As shown in Table 3, the catalysts of Examples 25 to 28 were compared with those of Comparative Examples 12 to 14 at 400 ° C., 500 ° C. and 60 ° C.
It can be seen that the NO purification rate at 0 ° C. is high, and that it has excellent heat resistance and durability.

[0060]

According to the exhaust gas purifying method of the present invention, even if the concentration of oxygen in the exhaust gas is high, nitrogen oxides can be reduced and removed with high efficiency. The catalyst used has a high catalytic activity even at a low temperature and has a long life.
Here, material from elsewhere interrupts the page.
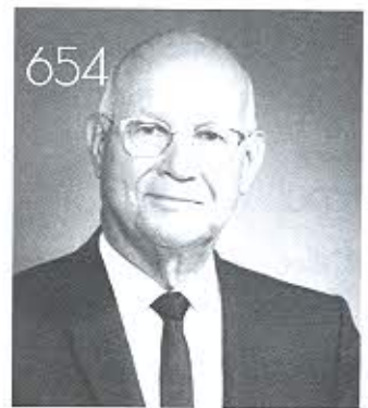
“เตียงสำหรับผู้ป่วยกระดูกสันหลังหัก (Stryker turning frame)”

คลินิก : เป็นหนึ่งใน “โครงการเผยแพร่ความรู้ทางสิ่งพิมพ์” ของมูลนิธิหมอชาวบ้านที่ประมวลความรู้ทางเวชปฏิบัติและการใช้ยาสำหรับผู้ประกอบเวชปฏิบัติ ทุกสาขา จัดพิมพ์โดยสำนักพิมพ์หมอชาวบ้าน เป็นวารสารรายเดือน จัดส่งให้แก่ผู้ที่ยกเว้นเป็นสมาชิกในอาชีพที่เกี่ยวข้องเท่านั้น บทความ : บทความ ต่างๆ ที่ปรากฏในวารสารคลินิก เขียนโดยกองบรรณาธิการและผู้เชี่ยวชาญที่ทรงคุณวุฒิต่างๆ เพื่อให้ “เป็นความรู้ที่ทันสมัย ถูกต้อง กระชับ และ ประยุกต์ใช้งานได้” ดัชนีฉบับ : ติดต่อดังต้นฉบับมาได้ ที่ นายแพทย์สุรเกียรติ์ อารานานุกาฬ 36/6 ซอยประดิพัทธ์ 10 ถนนประดิพัทธ์ แขวงสามเสนใน เขต พญาไท กรุงเทพฯ 10400 โทรศัพท์ 0-2618-4710, 0-2618-6391 ต่อ 30 โทรสาร 0-2271-1806. ส่งทาง E-mail : nattayasu@hotmail.com , บทความต่างๆ ที่ตีพิมพ์ในวารสารคลินิกถือเป็นลิขสิทธิ์ของวารสารฯ และผู้เขียน ห้ามนำไปเผยแพร่โดยไม่ได้รับอนุญาต

[Brief description of the drawings]

FIG. 1 is a graph showing the measured life of a catalyst used in Example 3.

──────────────────────────────────────────────────続 き Continuation of the front page (51) Int.Cl. ⁷ Identification symbol FI B01D 53/36 104A (56) References JP-A-3-101836 (JP, A) JP-A-4-4045 (JP, A) JP-A-4-16239 (JP, A) JP-A-4-83516 (JP, A) (58) Fields investigated (Int. Cl. ⁷ , DB name) B01J 21/00-38/74 B01D 53/86 B01D 53/94

Claims (3)

(57) [Claims] 1. A catalyst for reducing and removing nitrogen oxides in exhaust gas in an oxidizing atmosphere, comprising only gallium and zeolite.
It is made of an exhaust gas purifying catalyst according to claim. 2. A method for purifying exhaust gas, comprising contacting the exhaust gas with a catalyst comprising only gallium and zeolite in an oxidizing atmosphere in the presence of a hydrocarbon to reduce and remove nitrogen oxides in the exhaust gas. 3. A reaction temperature of 300 to 800 ° C. and TH
Method for purifying an exhaust gas according to claim 2, wherein the reducing removal of nitrogen oxides in the exhaust gas in the presence of hydrocarbons with 1-20 C-concentration / NO _X concentration.